While it was really easy to get to, the bright lights of the gable were causing problems. I climbed over the railing and tried setting up in the rocks down below. However, there was still too much light pollution to capture anything worthwhile.

I decided to try the other jetty, which was on the right side. It obviously wasn't being maintained on a regular basis. More importantly, there were no lights. I packed up everything and moved over. I thought I was walking into a jungle with all the unkempt foliage and overgrown palm trees, not to mention the mosquitos I was kicking up by making my way through.

After capturing a dozen shots, or so, I turned around to grab some of the kibbutz, and beat a retreat back to the safety of the well groomed shoreline.
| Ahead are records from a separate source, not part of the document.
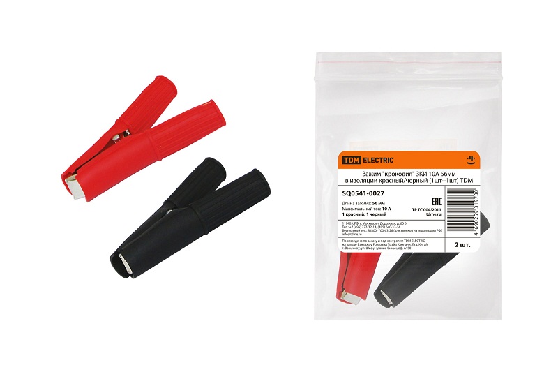 Зажим крокодил в изоляции TDM Electric 56мм 10А (в упак. 2шт)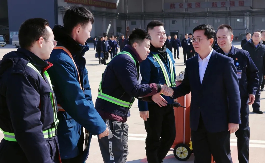 2月3—4日,农历大年初六、初七,中航工业党组副书记、总经理魏应彪一行前往中航工业驻西安地区相关单位,调研重点项目和型号的研制、生产、试飞情况,并先后前往中航西飞、一飞院、试飞中心和民机试飞中心,向假期中值守一线奋战的科研人员和干部职工致以诚挚的问候和美好的祝福。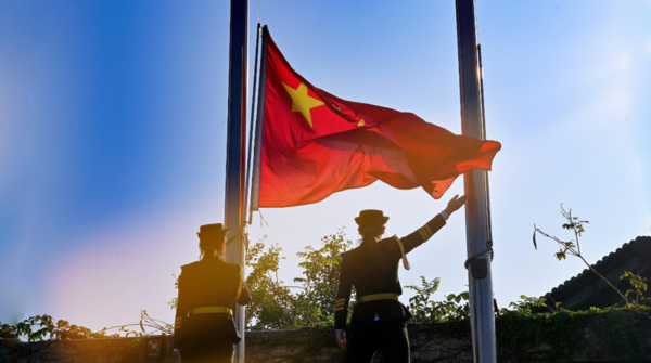 早晨8点,朝日初升,五星红旗在阳光下更加鲜亮,也象征着我们的新中国在72年风雨洗礼下愈发朝气蓬勃、愈发坚不可摧。

There was a patio set up underneath the dining hall where people could sit. All the time I was out on in the jungle I could hear laughing and carrying on. Turns out it was a half dozen people from our group playing a game called Bananagrams, which GC had brought with her.

At one of the pre-trip meetings TS had told us all about the stereotype of the loud American Tourist. Basically, people from our country have a habit of speaking a lot louder than is normally needed.

When I got back to the patio I jokingly told them all I could hear them way out on the end of the jetty. It had been intended all in jest. However, it went over like a lead balloon.

CG told me I was certainly welcome to sit down and play. I guess I wasn't feeling like being social that night so I passed. I wish I had because all I ended up doing was going back to my bungalow for the night.